Item 5.   Other Events.

         On April 3, 2000, The Interpublic Group of Companies, Inc.
("Interpublic") entered into an Amendment to the Agreement and Plan of Merger
and to the Stock Option Agreement (the "Amendment") with NFO Worldwide, Inc.
("NFO"). Pursuant to the Amendment, the Agreement and Plan of Merger and the
Stock Option Agreement, each entered into between Interpublic and NFO on
December 20, 1999, and previously filed with the Commission on Form 8-K on
December 20, 1999, were amended.

         The Amendment is attached hereto as Exhibit 2.1 and is incorporated
herein by reference.

         A press release issued on April 4, 2000 by Interpublic with respect to
the execution of the Amendment is attached as Exhibit 99.1 and is incorporated
herein by reference.

Item 7.  Financial Statements, Pro Forma Financial Information and Exhibits.

         Exhibits.

         2.1      Amendment to the Agreement and Plan of Merger and to the Stock
                  Option Agreement, dated as of April 3, 2000, between The
                  Interpublic Group of Companies, Inc. and NFO Worldwide, Inc.
                  (incorporated by reference herein from the Prospectus
                  Supplement filed by The Interpublic Group of Companies, Inc.
                  on April 4, 2000 under Rule 424(b)(3), No. 333-31436)

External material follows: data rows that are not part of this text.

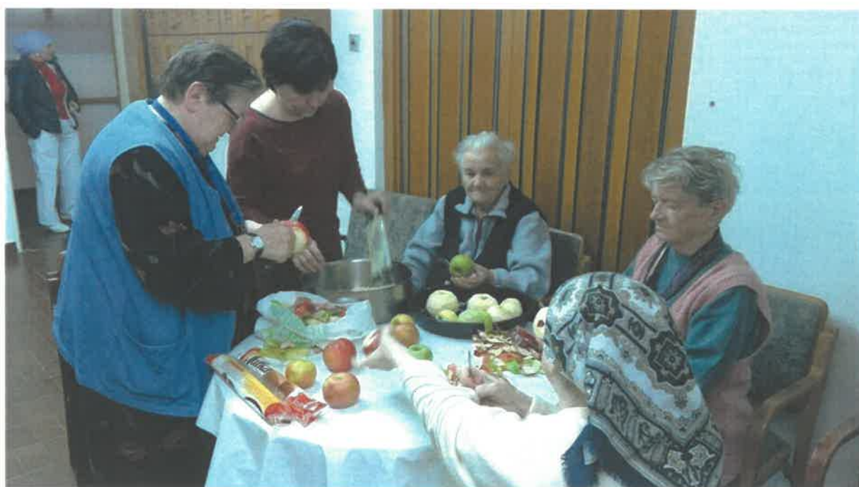
Radno okupacione aktivnosti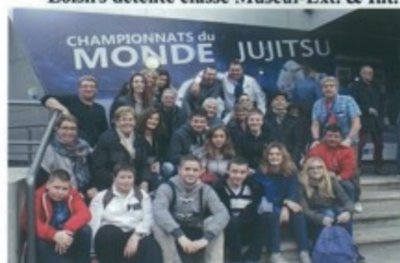
L'alliance à Paris Coubertin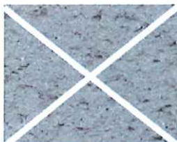
Gris cendre (G 50)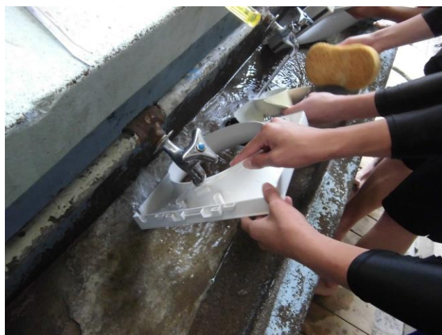
換気扇もピカピカ！

異性（女性）のトイレだったけど、きれいにしたから心もすっきりした。日々の掃除からあんなに1人1人が頑張ったら、西中はもっとよくなると思う。それを変えていくのは今日参加した自分たちだと思う。次参加する人が増えたらうれしいなと思います。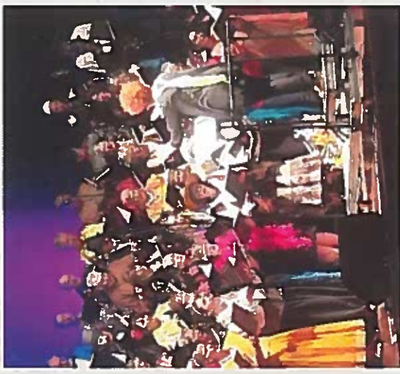
BILD VOM KONZERT IM BURGHOF OKT. 2015

... WIR SUCHEN NEUE SÄNGERINNEN UND SÄNGER ...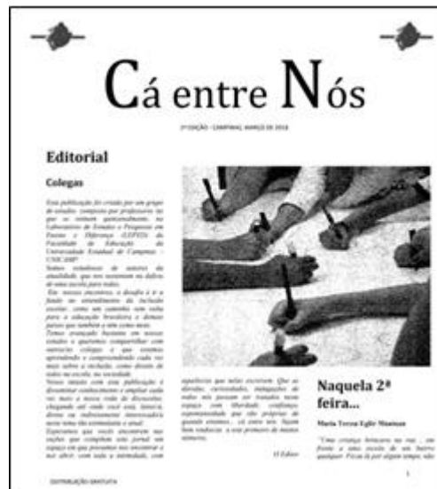
Figura 8 - Primeira edição em papel do “Cá entre Nós” (março de 2018)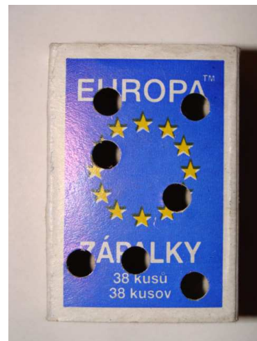
Obr.2: Dierkovačom perforovaná krabička zabezpečuje, aby vzorka neporástla plesňami. Pred predierkovaním vrchnáka vyberte vysúvaciu časť, aby ostala neporušená.

Ak je vzorka príliš vlhká, je možné ju nechať v otvorenej škatuľke čiastočne presušiť pri izbovej teplote počas 12-24 hodín. Vzorky nesušte na radiatore !!!! Pri balení vzoriek pred odoslaním používajte len priedušné materiály (papier, papierové krabice). Nevkladajte vzorky do igelitových vreciek a obalov , nakoľko takto zabalené vzorky plesnivejú a skresľujú výsledky získané z Vašich vzoriek !!! Vzorky balené do nepriedušných igelitových obalov nebudú vyšetrené.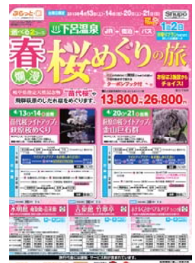
パンフレット (イメージ)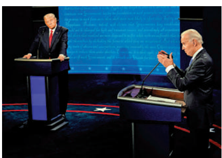
▲特朗普（左）和拜登於2020年10月22日在田納西州參加辯論。

在2020年美國大選中，特朗普和拜登曾進行兩次總統候選人辯論，另有一場辯論在特朗普被檢測出新冠陽性並拒絕參加線上辯論後被取消。另外，特朗普5日在採訪中還批評拜登連續第二年拒絕接受超級碗的電視轉播採訪，「他做不到，因為他不會說話」。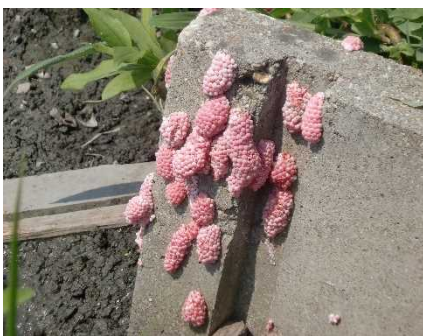
用水路（水口）の卵塊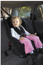
Kursiga lagu xiro gurboodka 8 ilaa 18 Kg Qiyaas ahaan 6 bilood ilaa 4 sanadood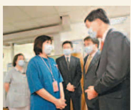
梁振英(右一)昨日下午到沙田威爾斯親王醫院探訪產科醫護人員,為他們打氣。

當局為減少長者的住院需求,亦將推出社區伙伴計劃,撥款予地區志願團體,為部分出院1個月內要重新入院的高危病人,提供出院後的支援服務。對於病情較輕微的患者,當局將推出自強計劃,以加強病人的自我管理,預計住院率可減少25%至40%。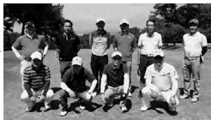
成 績 表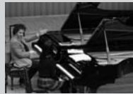
2014年、大阪音楽大学でのマスタークラスの様子

「現代の最も優れたベートーヴェン弾きの一人」と称されるレオッタ氏のベートーヴェンに対する深い理解と完璧な技術に触れる貴重な機会。公演と合わせて是非ご参加ください。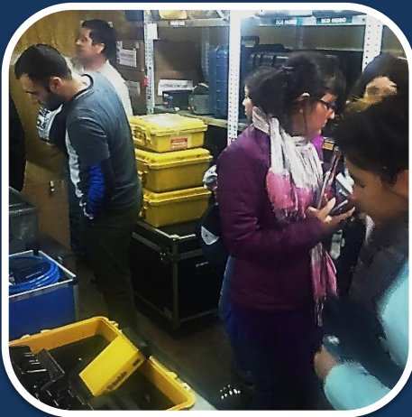
Instrumentos oceanográficos e hidrográficos.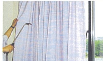
カーテンなどに染み付いたニオイに、消臭抗菌液を噴霧します。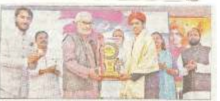
यावेळी युवा संसदेचे उद्घाटन करण्यात आले. डॉ. हिना गावित यांच्यासोबत असलेल्या व्यक्तींनीही प्रतीपादन करण्यात आले.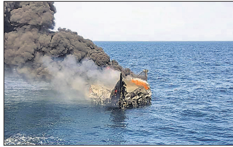
ପାକିସ୍ତାନରୁ ୫୦୦ କୋଟି ଟଙ୍କାର ଭୁଗ୍ଗ ନେଇ ପୋରତ୍ତର ଆସୁଥିବା ୯ ଲାଜାଣୀ ଚାଳାଣକାରୀ ଧରାପଡ଼ିବା ପରେ ବୋଟରେ ନିଆଁ ଲାଗାଇଦେଇଛି।

         99.1     Press Release dated April 4, 2000 (incorporated by reference
                  herein from the Prospectus Supplement filed by The Interpublic
                  Group of Companies, Inc. on April 4, 2000 under Rule
                  424(b)(3), No. 333-31436)


                                   SIGNATURES

         Pursuant to the requirements of the Securities Exchange Act of 1934,
the registrant has duly caused this report to be signed on its behalf by the
undersigned hereunto duly authorized.

                                      THE INTERPUBLIC GROUP OF COMPANIES, INC.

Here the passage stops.